No doubt inspired by the relatively recent explosion of music festivals in North Texas, a lot has been written, cheekily but also surprisingly seriously, about what constitutes a festival and what doesn’t. A proper festival, some bloviators have said, should be outdoors. Oh, really? According to what rulebook? A proper festival, some other writers feel, should have an “identity.” Well, shouldn’t the fact that several bands that have never shared a bill before but are performing together at a designated place and at a designated time automatically qualify the event as unique?

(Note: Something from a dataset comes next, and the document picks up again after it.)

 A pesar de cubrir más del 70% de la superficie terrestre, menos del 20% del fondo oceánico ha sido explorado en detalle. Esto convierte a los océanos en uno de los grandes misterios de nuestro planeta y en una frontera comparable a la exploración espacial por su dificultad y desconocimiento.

I don’t know if anyone other than the blowhards really cares about all of this hand-wringing. I know I sure don’t. Semantics is barely interesting and even then only when pertaining to beer, pizza, or, so I hear, Heidegger.

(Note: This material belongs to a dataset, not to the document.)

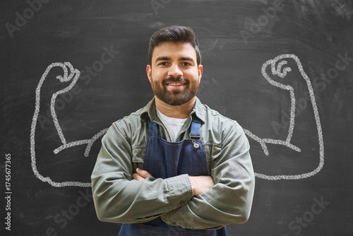 Selbstbewusster Handwerker mit Muskel Armen als Kompetenz Konzept

Who cares if 20 or 2,000 people go to Dia de los Toadies, the seventh installation of the titular Fort Worth quartet’s annual music festival and the second in a row to take place in the Fort, once again at Panther Island Pavilion? Did you go? Did you have fun? Did you perform? Did you give your best, as you should every time you step onto a stage? That’s really all that matters.
To play on the concept of an identity, this Dia is a hydra-headed monster. No, there isn’t any hip-hop or country, just rock –– in keeping with the spirit of The Toadies –– but all of the performers represent subtle variations of the genre that should make for one of the best, most dynamic fests of the year.
We all know how great the headliners are, and no one needs to tell you that seeing them, the countrified Old 97’s, the soulfully rollicking Quaker City Night Hawks, the temporarily reunited Pleasant Grove, and the bluesy Somebody’s Darling is a fantastic way to spend an afternoon and evening. Just don’t let any of the openers slip past you either.
Keep your eyes and ears especially peeled for Blank-Men, a newish Fort Worth quartet whose debut six-song EP, Fact or Fiction?, is a sort of mélange of Devo, propulsive synth-punk, and pure bombast (“Blank-Men: New Traditionalists,” Sept. 3, 2014).
Equally rowdy but much heavier is Austin’s Residual Kid. Though the three members are barely old enough to drive legally, they’re totally legit, pounding out a species of neo-grunge with a psychedelic edge that honors the past without mainlining it.
Somewhere in between Blank-Men and Residual Kid is Fort Worth’s Longshots. Offering up a Tex-Mex version of punk –– all grease, no bubblegum –– they can get loud and locomotive but are never anything less than superbly catchy.
The remaining opener is pretty well known nationally but, as far as I can recall, hasn’t played the Fort in years (if ever). Led by live wire vocalist/guitarist Lauren Larson, Ume is probably the most Toadies-esque band on the bill. The Austin trio delivers sturdily structured songs, juicy choruses, and lots of deliciously crunchy, reverb-laden riffs.
Tickets to Dia de los Toadies are $35-130, but if you’d like to win a pair to one or both days (Friday and Saturday), visit fwweekly.com/fw-weekly-newsletter-sign/ to subscribe to the Weekly’s weekly arts and entertainment newsletter, The Weekender, for your chance.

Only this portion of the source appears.